START Given information
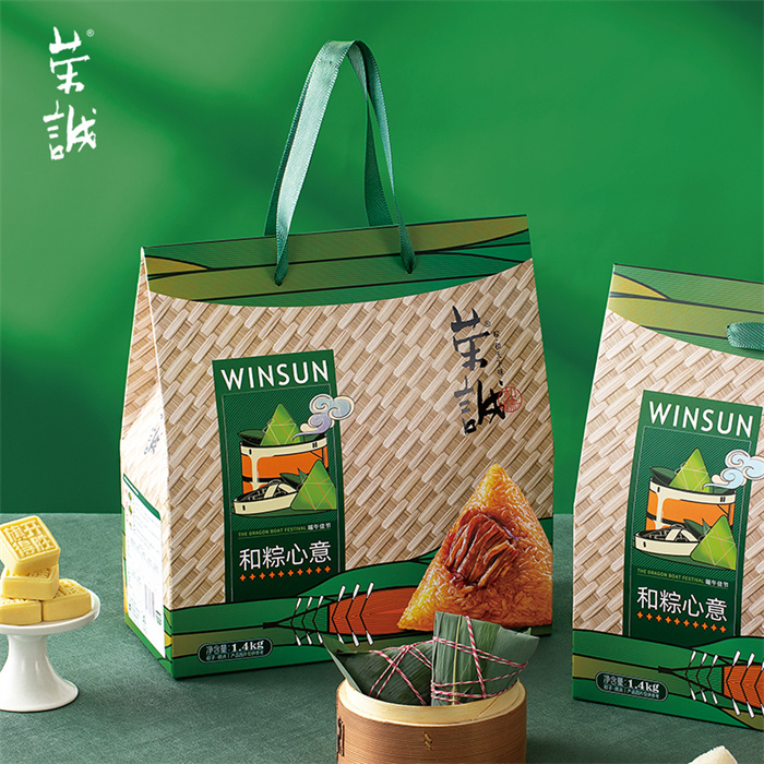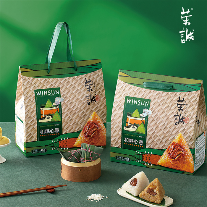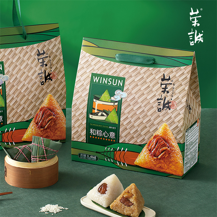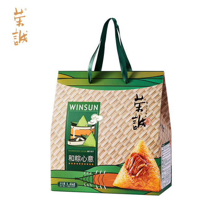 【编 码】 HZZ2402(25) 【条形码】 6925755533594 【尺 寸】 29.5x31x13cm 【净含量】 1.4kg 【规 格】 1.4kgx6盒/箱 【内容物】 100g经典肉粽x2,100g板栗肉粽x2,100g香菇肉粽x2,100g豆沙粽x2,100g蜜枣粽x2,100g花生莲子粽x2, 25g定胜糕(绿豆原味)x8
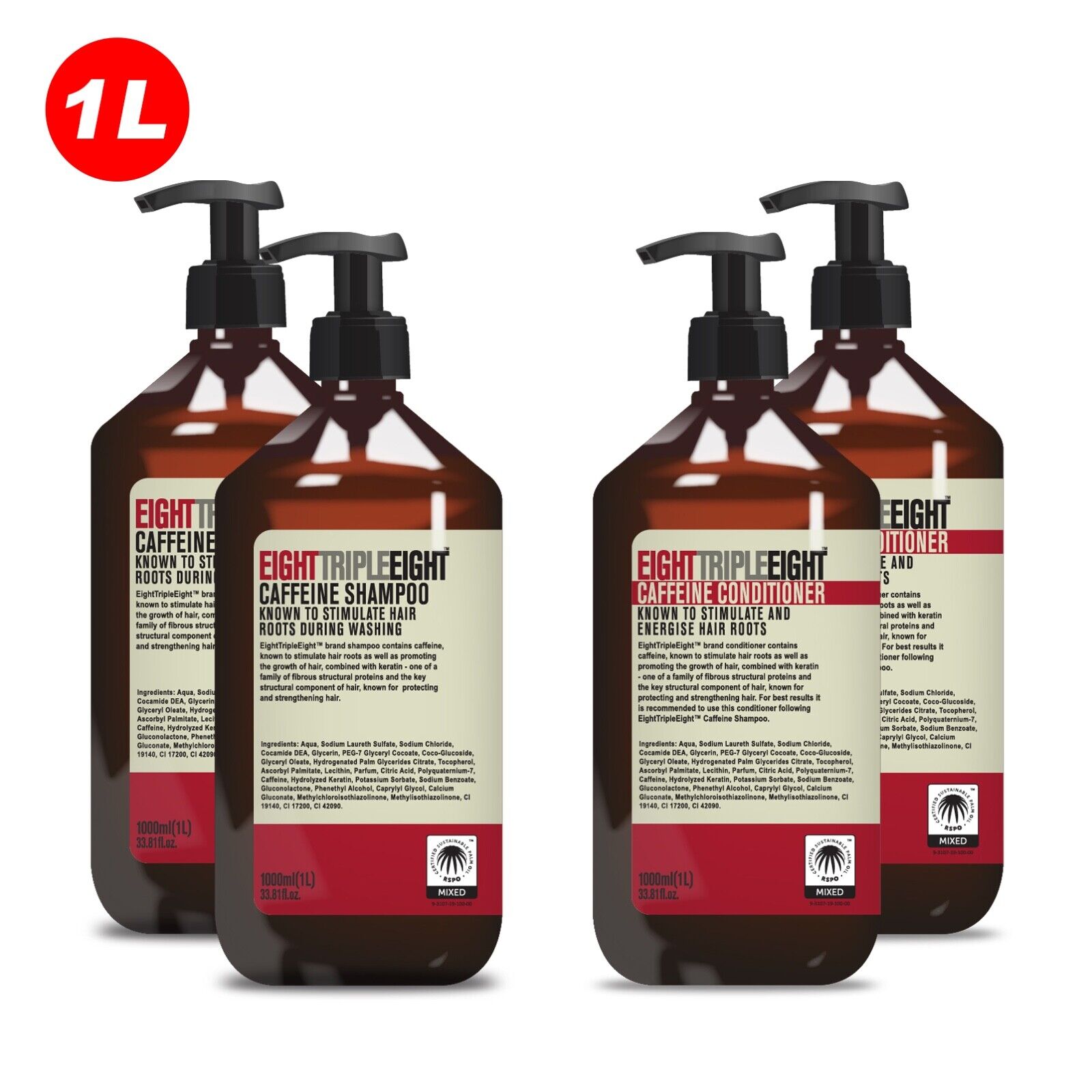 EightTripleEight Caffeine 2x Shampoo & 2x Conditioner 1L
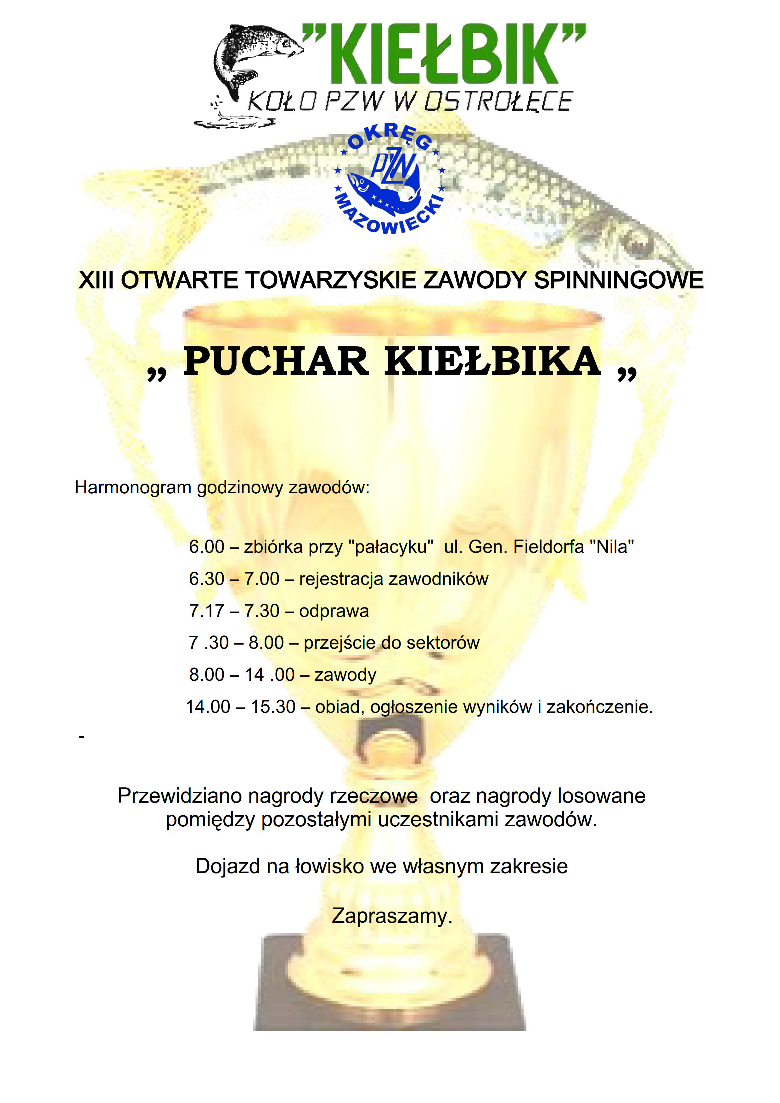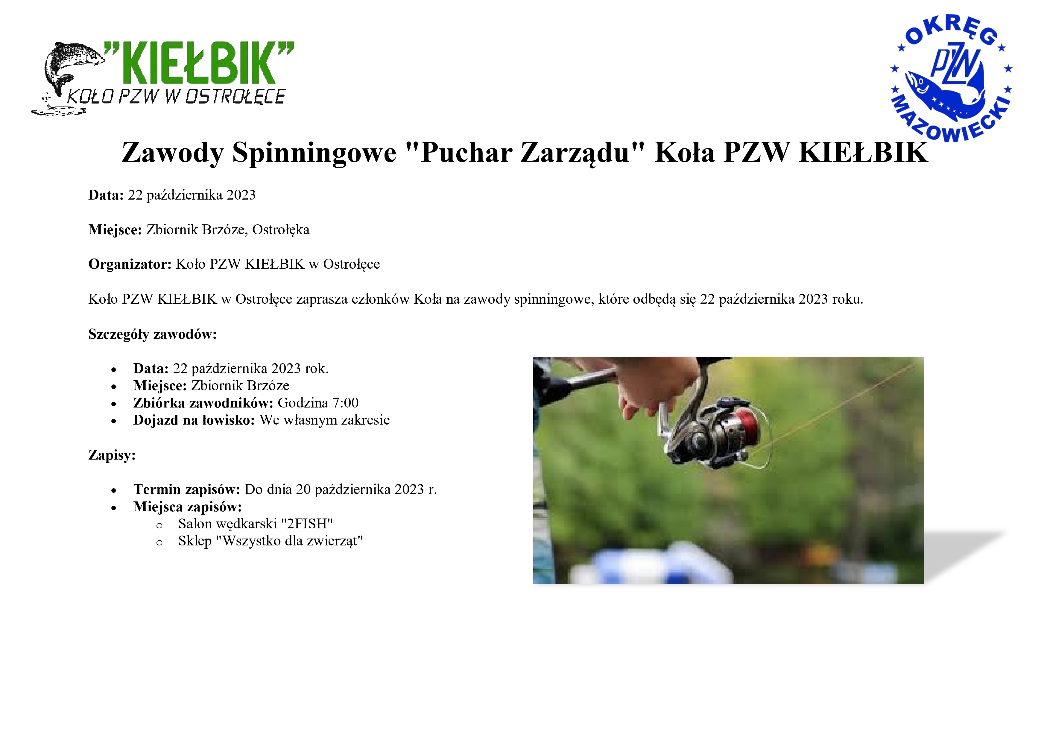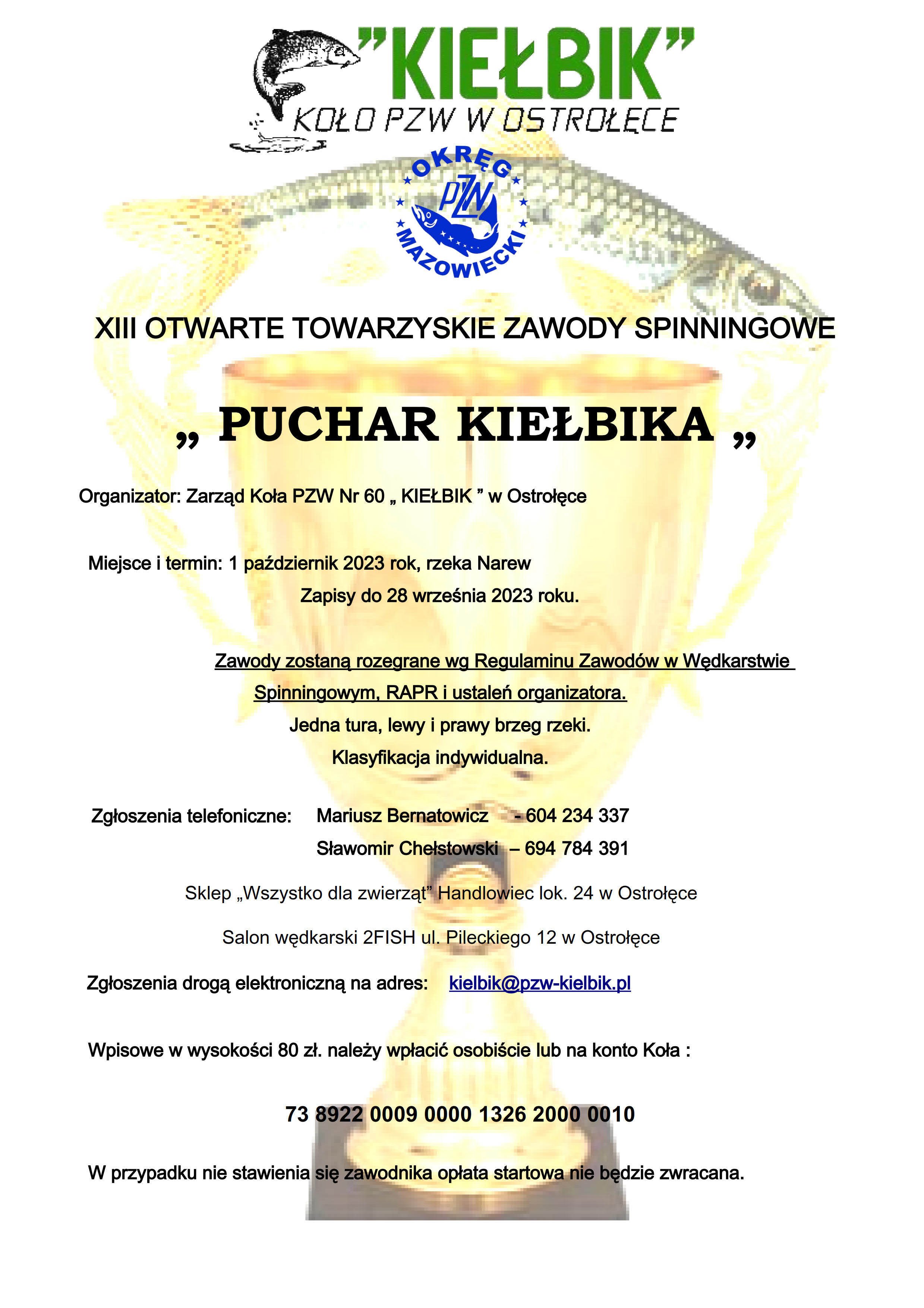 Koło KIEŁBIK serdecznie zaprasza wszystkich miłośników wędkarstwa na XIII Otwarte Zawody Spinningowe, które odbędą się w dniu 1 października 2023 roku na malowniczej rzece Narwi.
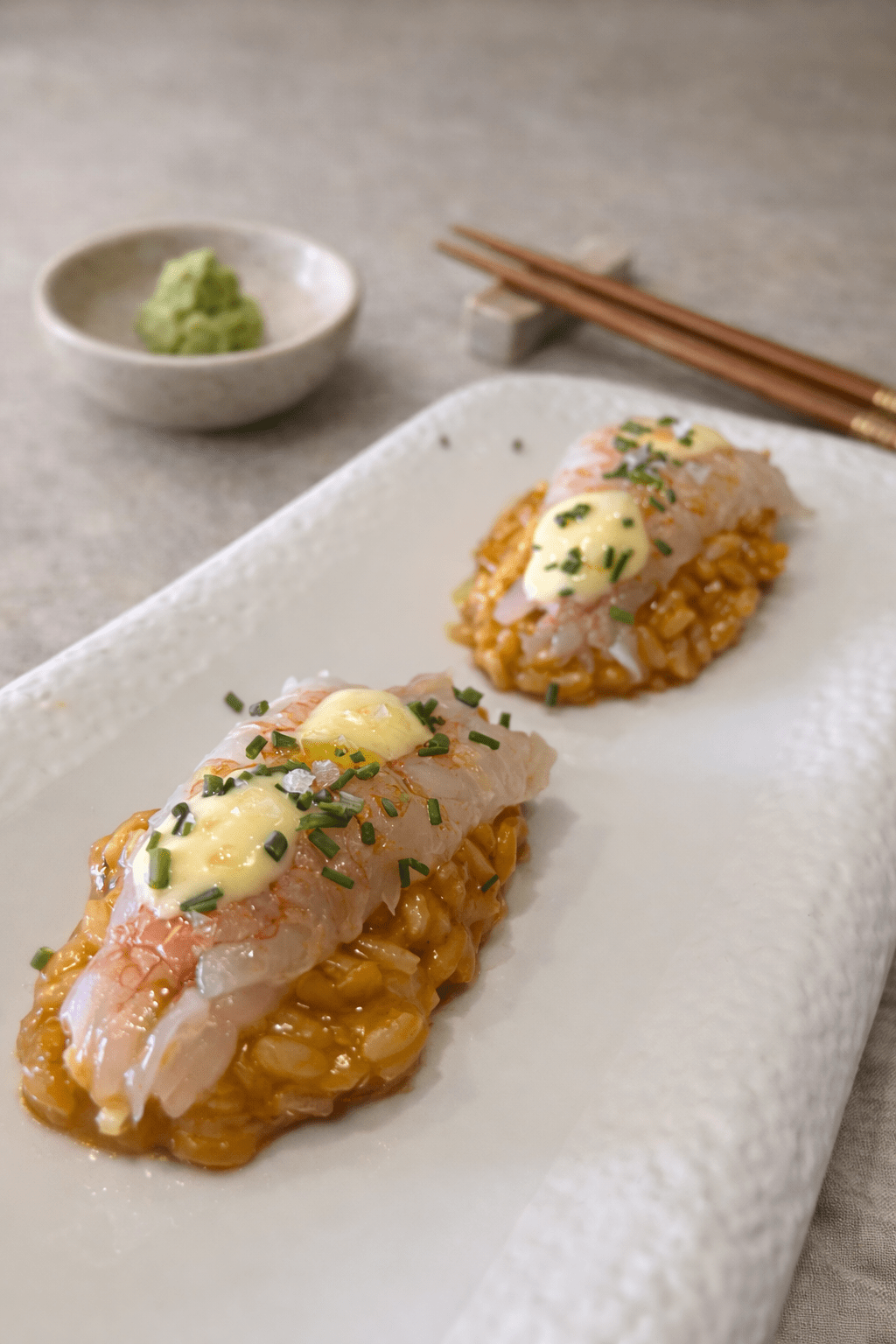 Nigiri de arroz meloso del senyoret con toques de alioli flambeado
END Given information
Task to complete
Please reproduce the lines above from the one containing "Koło KIEŁBIK serdecznie" through the final line, exactly and inclusively, leaving out each picture.

Written answer
 Koło KIEŁBIK serdecznie zaprasza wszystkich miłośników wędkarstwa na XIII Otwarte Zawody Spinningowe, które odbędą się w dniu 1 października 2023 roku na malowniczej rzece Narwi.
 Nigiri de arroz meloso del senyoret con toques de alioli flambeado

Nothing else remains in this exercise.